Tuesday, January 17, 2012

Two Debuts Reviewed: Myke Cole & John R. Fultz

Reviews of two debut novels hit SFFWorld, as usual, one review from Mark and the other from me. I liked the book I reviewed and well…Mark read the book he reviewed. Let’s start with the good, OK?

Myke Cole’s Shadow OPS: Control Point is a mash-up of Military Science Fiction, Urban Fantasy and Fantasy tropes that I couldn’t put down or stop thinking about long after I finished the novel. I’ll be posting an interview I conducted with Myke in about a week.

Superficially, Shadow OPS: Control Point may seem like just another military science fiction novel, with some of new ingredients. Cole is a better writer and storyteller than that; sure he mixes Urban Fantasy elements into the equation, but deeper themes are woven into the narrative. One of those, and perhaps it is punctuated by Oscar’s black skin color (which is mentioned in passing about 1/3 into the narrative), is the notion that people who manifest in ‘forbidden schools’ and latent people are treated as slaves to the military and government; tools of those in power and not really people at all. Oscar’s internal conflict about this issues stems for a lot of things – for starters, he’s the thing he once hunted. Another is that his whole life was the military and now that’s gone, he isn’t sure what kind of life he can have.

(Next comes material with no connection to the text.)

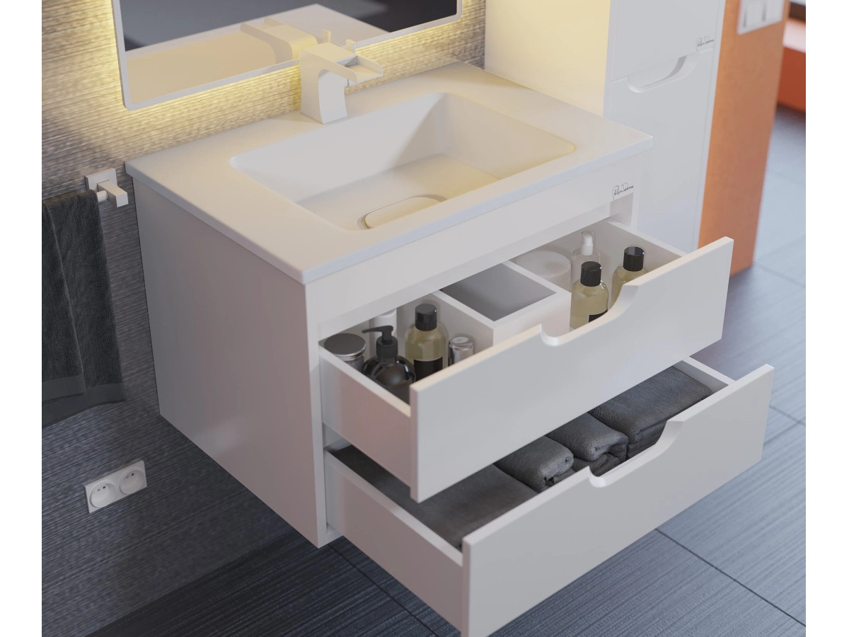 - Тумба с раковиной Uperwood Modul матовая белая 65 см

Told in a third person perspective, Cole still conveys the stress and conflict Britton experiences both physically and mentally in a supremely believable fashion. At times I found myself sympathizing with Oscar’s plight, other times, I wanted to whack him upside the head and shout “Just go with it!” It proved frustrating at times, but I’d almost say in a car-wreck kind of way because I wanted to see if Oscar would actually do what he’s told or continue to rebel. I don’t know if this is what Cole intended, but also found myself siding with characters that were likely set out as antagonists – specifically legally empowered magic practitioner Harlequin who was once part of Oscar’s team and then attempted to secure Oscar once he manifested. By novel’s end, the path on which Cole was placing Oscar became more evident and some of his actions that felt a bit frustrating came to a head in a way that made sense for the next steps on his journey.

Mark dove in headfirst to a Heroic Fantasy debut novel being published amidst great fanfare from the fine folks at Orbit, : Seven Princes edited by John R. Fultz:

The plot is basically The Magnificent Seven (or Battle Beyond the Stars, if you prefer), but using Princes instead of cowboys. Prince D’zan’s father, King Trimesqua, is slain by an army of the undead resurrected by Elhathym, a mysterious stranger who claims he has come back to reclaim the court of Yaskatha.

The only survivors of the massacre, D’zan and his bodyguard Olthalcus escape and try to enlist support and so reclaim the village kingdom. He enlists six other cowboys Princes to his cause. The duo travel to New Udurum to seek help from The Princes of Uurz – Tyro, the natural leader, and Lyrilan, the scholar - who pledge their support. Travelling to seek help from the Giant King Vod, they find that the King has abdicated, leaving the Kingdom in charge of his Queen, Shaira, with the help of their sons Fangodrel, Tadarus and Vireon, and daughter Sharadza. Lastly, Andoses, heir to the throne of Shar Dni, makes up the seventh. Together they go, in order to defeat the evil sorcerer and get D’zan back to where he rightfully belongs. Sharadza goes off to learn sorcery and be a witch in order to help.

I really wanted to like this one. Sadly, in the end I was disappointed, but in my opinion it’s not as bad as some would have it. The pace is a little uneven, but it moves along at a fair clip. It’s solidly written, but, in the end, commits the sin of being quite interchangeable with other Fantasy books out there.


Justin said...

Looks like you guys saw the same things I did. Shame about 7 Princes, like Mark, I really wanted to like it.

RobB said...

I wanted to like the book, too. Sadly, it didn't work enough for me to even finish.